Kein Ort des stillen Verdämmerns

Rezensiert von Frank Meyer · 12.08.2005
Annegret Held erzählt in ihrem Roman "Die letzten Dinge" Geschichten aus einem Pflegeheim. Es ist einiges los auf der Station. Sie ist kein Ort stillen Verdämmerns. Die Wünsche, der Zorn oder die Lust eines langen Lebens brechen hier noch einmal auf und bereiten dem Pflegepersonal allerhand Probleme.
Jewgegni Schiwrin zum Beispiel war mal ein Held des Eisenbahnbaus. Durch die Taiga Sibiriens hat der Ingenieur das Kernstück der Baikal-Amur-Magistrale gebaut. In Deutschland hat Schiwrin für den ICE Berge durchtunnelt. Jetzt aber sitzt Jewgegni Schiwrin im Pflegeheim. Ein Tumor wütet in seinem Kopf. Er lässt die Möbel vor seinen Augen tanzen, er löst Schwirins alte Welt immer mehr auf.

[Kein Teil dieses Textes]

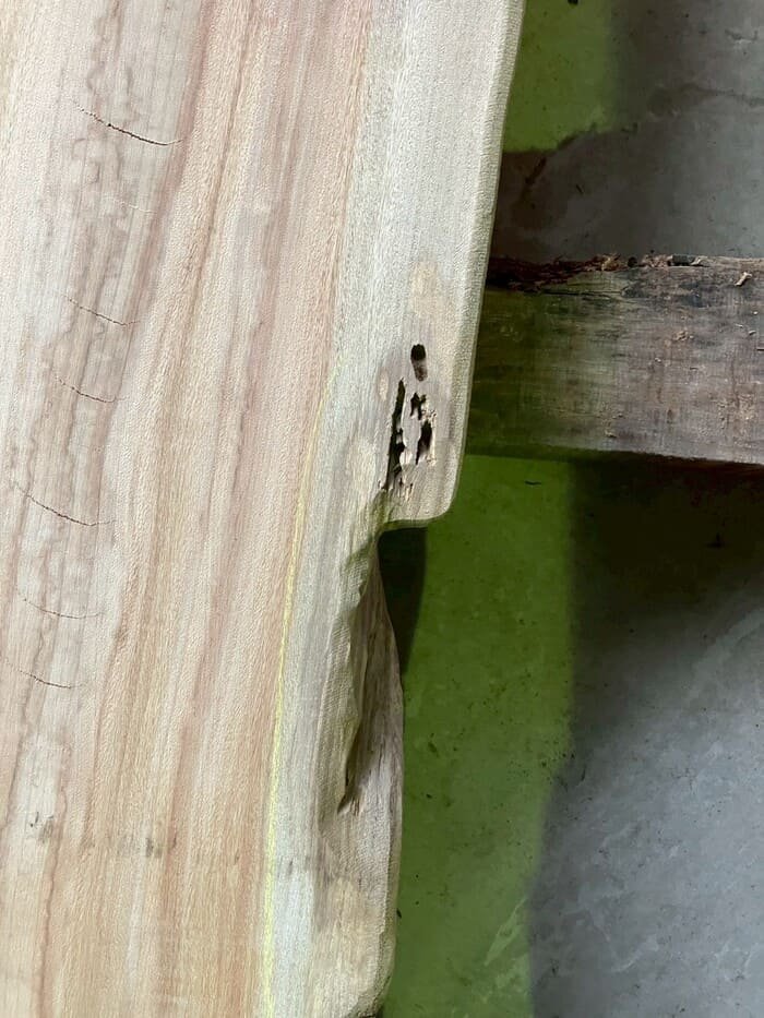 両面共に節、木口割れ、エラ割れ、虫穴、傷、当たり残りがあります。
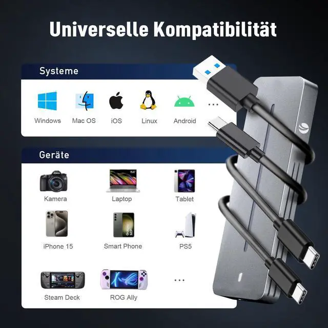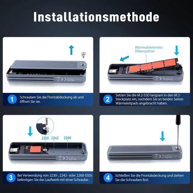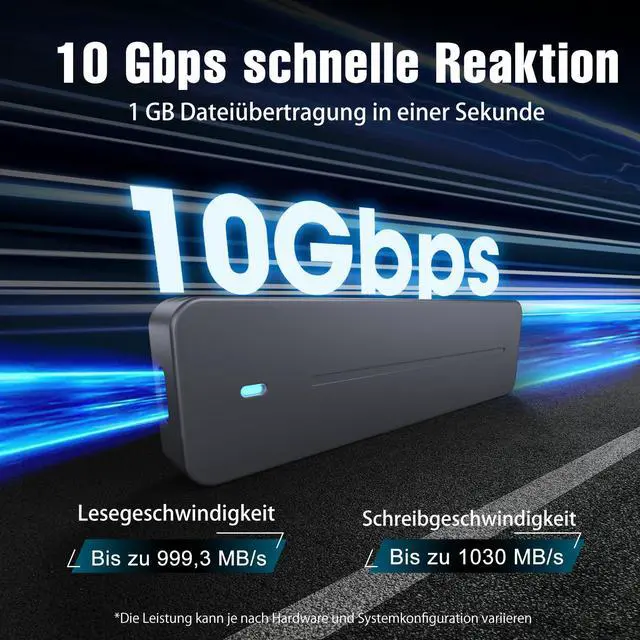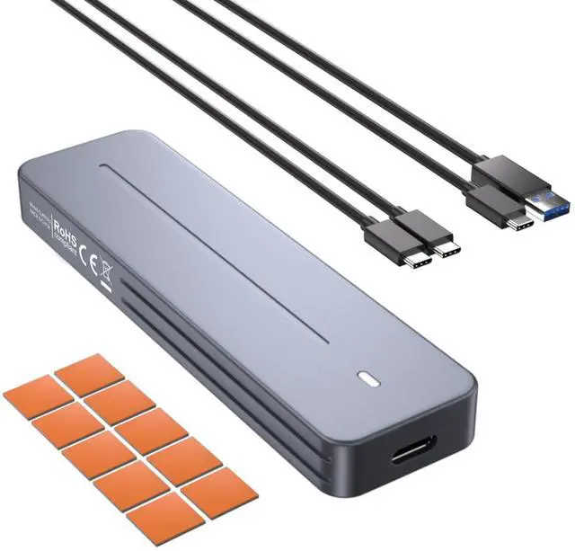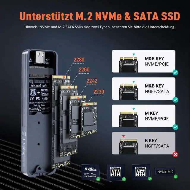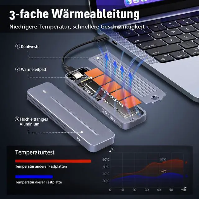 Excellent Heat Dissipation: The M.2 NVMe & SATA Enclosure is made of ultra-thin aluminum alloy and is compact and slim. Through optimised thermal design and reduced power consumption, the SSD maintains peak performance even under prolonged operation. Due to aluminium's high thermal conductivity, the surface may become hot during use. Please handle with care

Annegret Held erzählt in ihrem Roman "Die letzten Dinge" viele solcher Geschichten wie die von Jewgeni Schiwrin. Man lernt Frau Wissmar kennen, 98 Jahre alt, früher Personalchefin der Degussa, oder Herrn Kurtacker, der regelmäßig randaliert, wenn die Pflegekräfte sein Zimmer betreten. Herr Kurtacker ist Erotomane. Lange lässt er sich durch Belieferung mit erotischen Zeitschriften und Videos zufrieden stellen. Zwei besonders gutwillige Pfleger wollen Herrn Kurtacker seinen dringendsten Herzenswunsch erfüllen und führen ihm eine Prostituierte zu. Aber der Sex-Protz Kurtacker versagt. Deshalb tobt und wütet er, bis die Polizei ihn bändigt. Die Untersuchung des Falls führt die Pflegestation in die tiefste Krise ihres Bestehens.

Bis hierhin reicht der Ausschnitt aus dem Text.